Amir Ejmail


2024

pdf
DiaSet: An Annotated Dataset of Arabic Conversations
Abraham Israeli | Aviv Naaman | Guy Maduel | Rawaa Makhoul | Dana Qaraeen | Amir Ejmail | Dina Lisnanskey | Julian Jubran | Shai Fine | Kfir Bar
Proceedings of the 2024 Joint International Conference on Computational Linguistics, Language Resources and Evaluation (LREC-COLING 2024)

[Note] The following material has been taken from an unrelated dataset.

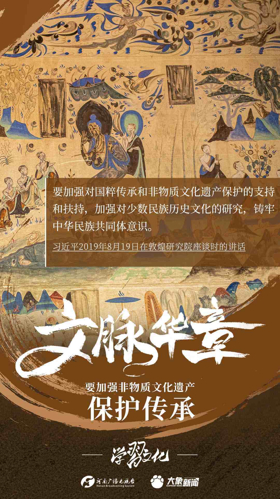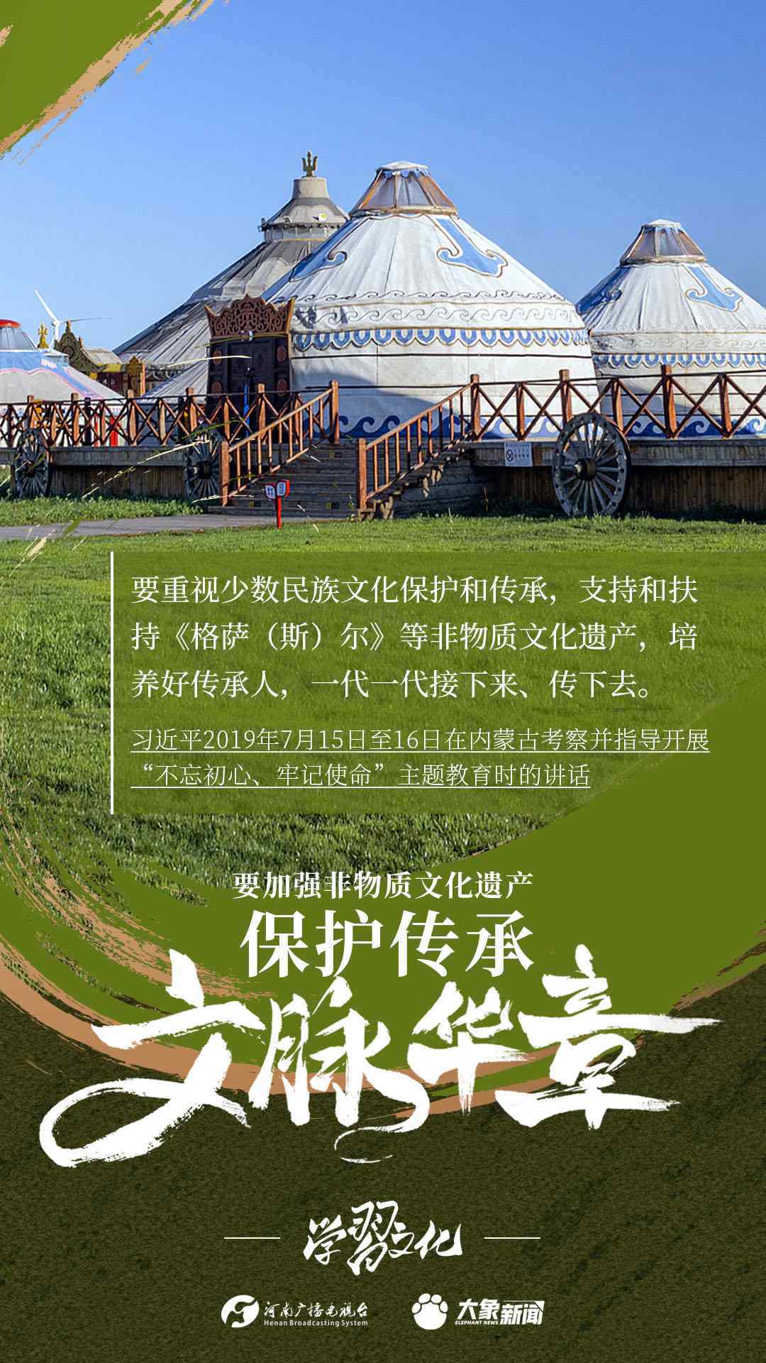 非物質(zhì)文化遺產(chǎn)是中華優(yōu)秀傳統(tǒng)文化的重要組成部分,是中華文明綿延傳承的生動見證,是我國各族人民寶貴的精神財富。習近平總書記十分關(guān)心非物質(zhì)文化遺產(chǎn)的保護傳承,多次強調(diào)“要扎實做好非物質(zhì)文化遺產(chǎn)的系統(tǒng)性保護”“培養(yǎng)好傳承人”等。大象新聞為您梳理,邀您一起學習、領(lǐng)悟、踐行。

We introduce DiaSet, a novel dataset of dialectical Arabic speech, manually transcribed and annotated for two specific downstream tasks: sentiment analysis and named entity recognition. The dataset encapsulates the Palestine dialect, predominantly spoken in Palestine, Israel, and Jordan. Our dataset incorporates authentic conversations between YouTube influencers and their respective guests. Furthermore, we have enriched the dataset with simulated conversations initiated by inviting participants from various locales within the said regions. The participants were encouraged to engage in dialogues with our interviewer. Overall, DiaSet consists of 644.8K tokens and 23.2K annotated instances. Uniform writing standards were upheld during the transcription process. Additionally, we established baseline models by leveraging some of the pre-existing Arabic BERT language models, showcasing the potential applications and efficiencies of our dataset. We make DiaSet publicly available for further research.